Defaults May Beat Great Depression
Bloomberg
By Bryan Keogh
December 3, 2008

Dec. 3 (Bloomberg) -- Yields on speculative-grade bonds imply a U.S. default rate of 21 percent, higher than the record set during the Great Depression in 1933, according to John Lonski, chief economist at Moody’s Investors Service.

The extra yield investors demand to own U.S. high-yield bonds was 19.19 percentage points on Dec. 1, according to Moody’s. Assuming a 20 percent recovery rate, the spread implies a default rate of 20.9 percent, Lonski said yesterday in a market commentary. That compares with a rate of 11 percent in January 2001, 12.1 percent in June 1991 and 15.4 percent in 1933.

Defaults and bankruptcies are accelerating as financing options for high-yield companies dwindle amid the longest U.S. economic recession in at least 26 years. The U.S. default rate rose to 3.3 percent in October, according to Moody’s, which forecasts the rate to increase to 4.9 percent in December and 11.2 percent by November 2009.

“The default rate is going to start rising quickly, soon enough it’s going to be breaking above 10 percent,” Lonski said in an interview. “Lack of access to financial capital is a very big problem for high-yield bonds.”

Hawaiian Telcom Communications Inc., a provider of local and long-distance telephone service, and Pilgrim’s Pride Corp., the largest U.S. chicken producer, sought bankruptcy protection on Dec. 1, as they struggled with too much debt taken on before the credit crisis.

Trump Entertainment

Trump Entertainment Resorts Inc., the casino company founded by Donald Trump, had its ratings cut by Moody’s on Dec. 1 after announcing last week it would forgo a $53 million interest payment to conserve cash. Moody’s lowered its probability of default rating to Ca from Caa2 and its rating on the company’s senior secured notes due 2015 to Ca from Caa2, with a negative outlook, suggesting the company is more likely to default.

The National Bureau of Economic Research, the panel that dates American business expansion, on Dec. 1 confirmed that the U.S. economy has been in a recession for 12 months, making it the longest since 1982. The economy shrank at a 0.5 percent pace in the third quarter after expanding 2.8 percent in the previous three months.
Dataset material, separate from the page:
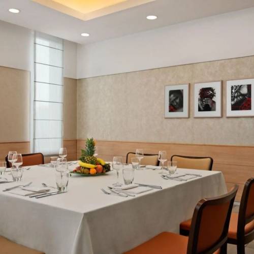 Fiumicino, Italia¿Quieres tomarte un descanso y explorar la ciudad? Hotel «Hilton Rome Airport Hotel» se encuentra en Fiumicino. Este hotel se encuentra a 3 km del centro de la ciudad. Puedes recorrer a pie el área residencial de el hotel: Vatican Museums, Plaza Navona y Panteón. Disfruta la noche en este bar agradable. Disfruta un momento ameno en el restaurante. Bebe una taza de café en la cafetería. ¿Quién sabe? Quizá sea el mejor de la ciudad. ¿Quieres estar siempre conectado? Hay wifi disponible. Si viajas en auto, puedes aprovechar el estacionamiento. Los servicios de belleza y bienestar: una sala de masajes, un sauna, un solárium, un baño de vapor, un centro de spa y un doctor. A los fanáticos de los deportes les encantará contar con un centro deportivo y una sala de ejercicios. Prepárate para unas vacaciones divertidas y emocionantes. En las instalaciones, encontrarás lo siguiente: una biblioteca. Aquí puedes pasarlo genial en el agua, ya que contarás con una piscina y una piscina cubierta. Para reuniones de negocios, el alojamiento ofrece: un centro de negocios, un salón de conferencias e instalaciones para eventos. Para reservar una excursión, consulta al sector de asistencia turística del hotel. Los huéspedes con discapacidades pueden aprovechar el ascensor para acceder a los pisos más altos. Hay más servicios disponibles para los huéspedes del hotel. Por ejemplo, una sala de lavado, servicio de limpieza en seco, un cajero automático, planchado, prensa, alquiler de autos, una caja de seguridad y un conserje. El personal del hotel habla inglés, español, italiano y francés. En la habitación, encontrarás un reloj alarma, una ducha, un minibar y pantuflas. Ten en cuenta que no todas las habitaciones incluyen todos los servicios mencionados.

Economists expect a 2.2 percent contraction in gross domestic product for the fourth quarter, the average estimate from a Bloomberg survey.

Three companies have sold $2.7 billion of high-yield bonds this quarter, compared with $30 billion in the same period a year ago, according to data compiled by Bloomberg. Leveraged loans arranged this year total $301 billion, down more than a third from last year, Bloomberg data show.

“There’s a lot of forced selling of high-yield bonds by hedge funds owing to the need to de-lever as well as by mutual funds in response to redemptions,” Lonski said. “You’re looking at a market where the sellers well outnumber the buyers and the reluctance on the part of buyers makes sense if only because a bottom for economic activity is not yet in sight.”

High-yield, high-risk bonds are rated below Baa3 by Moody’s and BBB- by Standard & Poor’s.